Choreutics has always been my favorite book by Rudolf Laban, although it is by no means the most accessible of his writings. The text is prone to sudden jumps, from practical movement description to mystical metaphysics. Moreover, other mysteries surround this work.
For example, Laban wrote Choreutics during 1938-39, as he convalesced at Dartington Hall following his timely escape from continental Europe to England. According to his colleague Lisa Ullmann, Laban intended for the book “to introduce his ideas on movement and dance to an interested reading public in Britain.” Laban must have had the ideas in mind for some time, for the subject matter builds on his earlier German book, Choreographie, published in 1926.
Laban worked fervently on the book, and Louise Soelberg, a member of the Jooss Ballet also in residence at Dartington, worked equally hard to make Laban’s English sound English. The work was nearing completion in June 1940, when the onset of the war forced the closing of Dartington Hall and the dispersal of resident artists, including Laban. He gave the manuscript to his Dartington benefactors, Leonard and Dorothy Elmhirst, for safe keeping.
The post-war years brought Laban better health and more opportunities for work and development of his ideas. According to Lisa Ullmann, Laban no longer felt the need for a book introducing basic concepts, and so, he abandoned the manuscript for Choreutics.

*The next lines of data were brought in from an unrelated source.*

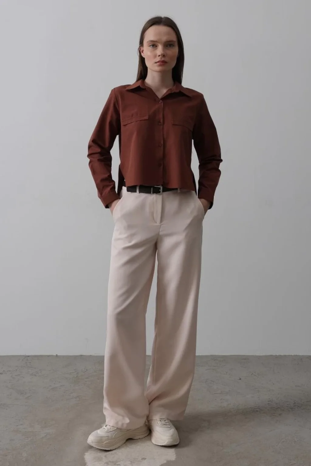 Kadın Uzun Kollu Kruvaze Yaka Sandy Bluz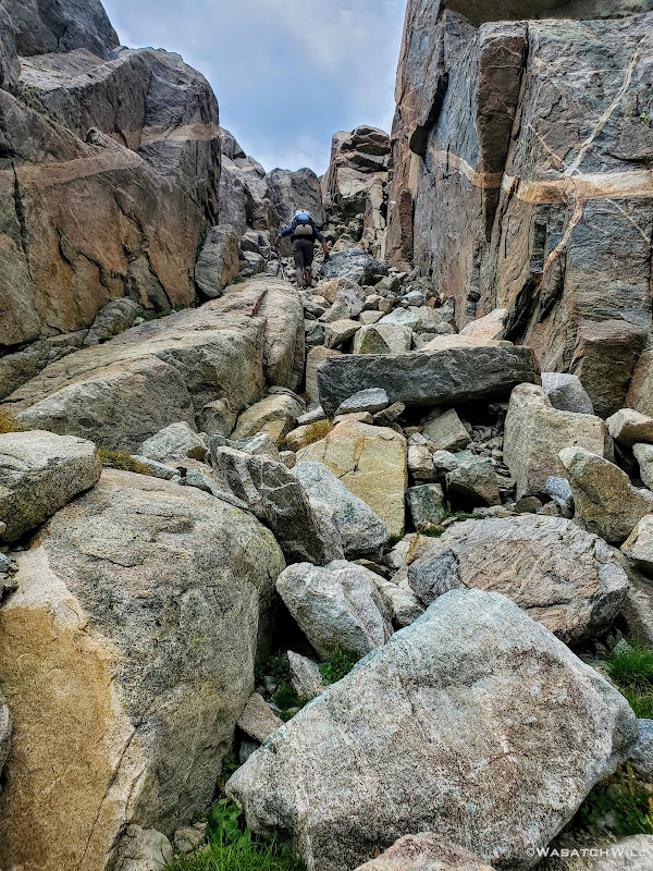 In hindsight, it had turned out to not be the best way. We ended up scrambling through some of the largest boulders we'd ever encounter on this trip trying to gain the next rise where the uppermost lake rested. It turned out to be quite an obstacle course and slowed us down considerably. As we were picking our way through, over, and around the ginormous rocks, some being the size of large automobiles and even tiny homes, we heard some voices trailing behind us. We paused and looked back to see what appeared to be the same group of four we had encountered the previous two days down below and beginning to work their own way up. However, they were not following right behind us. They had crossed over the creek and were heading up its north side. It turned out that there were no such large boulders on that side. Only grassy slopes and rocky ramps with much smaller rocks and boulders littering that side. Doh!!! I made a mental note of that in case I ever find myself combing through this semi-treacherous place again.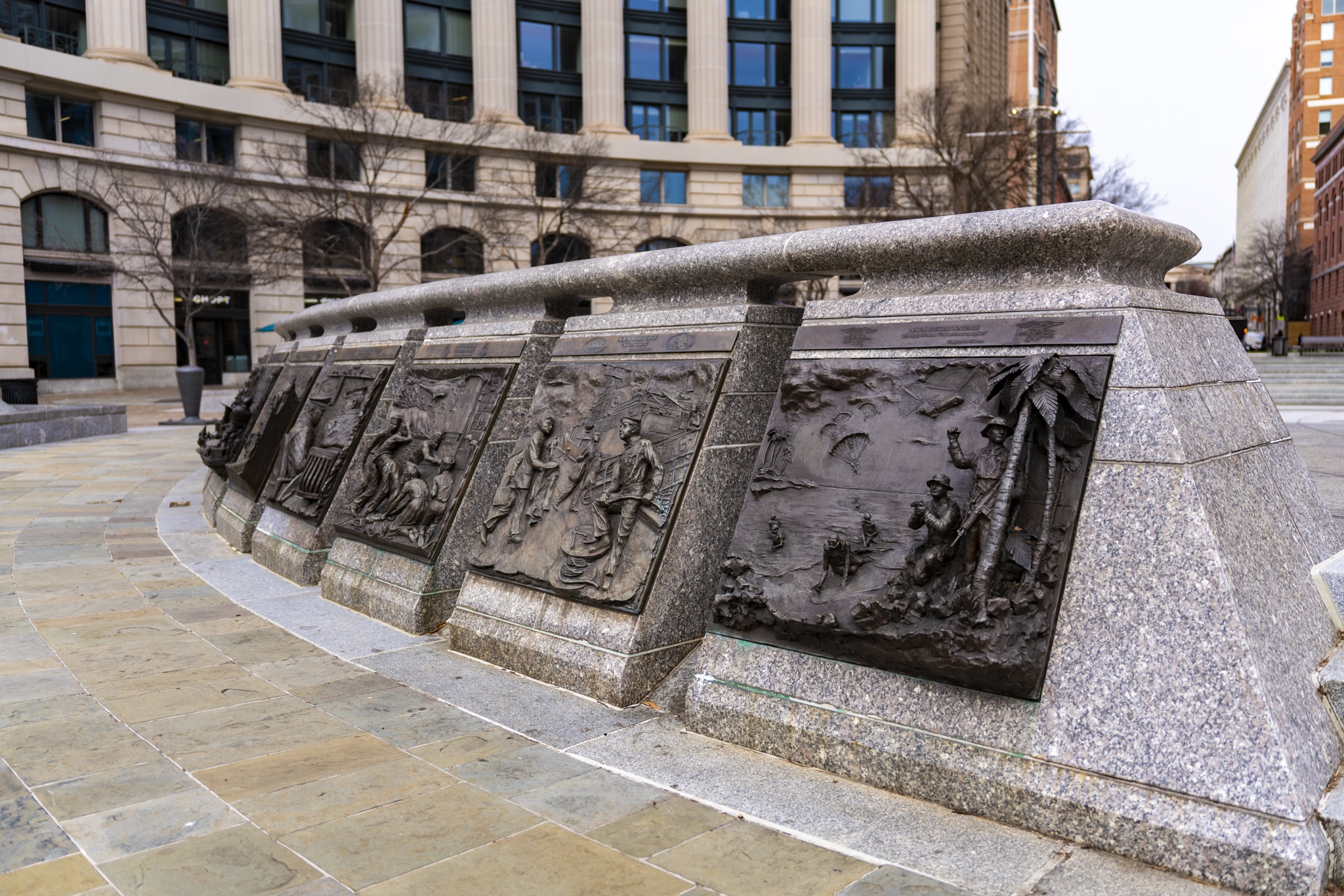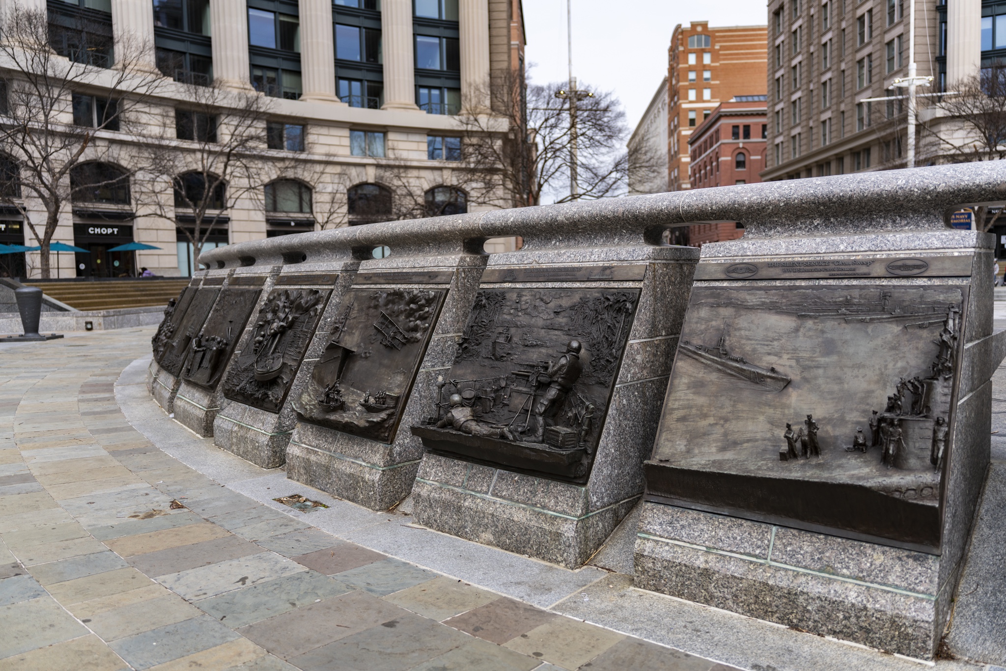 Another favorite spot I stumbled upon was the Navy Memorial, which is in Memorial Plaza. The plaza sits midway between the Capitol and the White House and across the street from the National Archives building (great museum btw!). Memorial Plaza contains these 26 bronze sculptures depicting famous parts of Navy history. In the middle of the plaza is the “Granite Sea” which is the largest map in the world. Really a great area the photograph and visit.

Ullmann’s explanation is no explanation, because Choreutics is not a basic treatise. It is an important theoretical work that carries forward Laban’s ideas about movement in space, ideas that are not fully expounded in any other of his subsequent publications in English. Why he abandoned any attempt to publish remains a mystery.
Fortunately, Dorothy Elmhirst did not abandon Choreutics. Several years after Laban’s death, she returned the manuscript to Lisa Ullmann and encouraged her to have it published. And in 1966, this masterwork finally became appeared, filling a vital gap in Laban literature.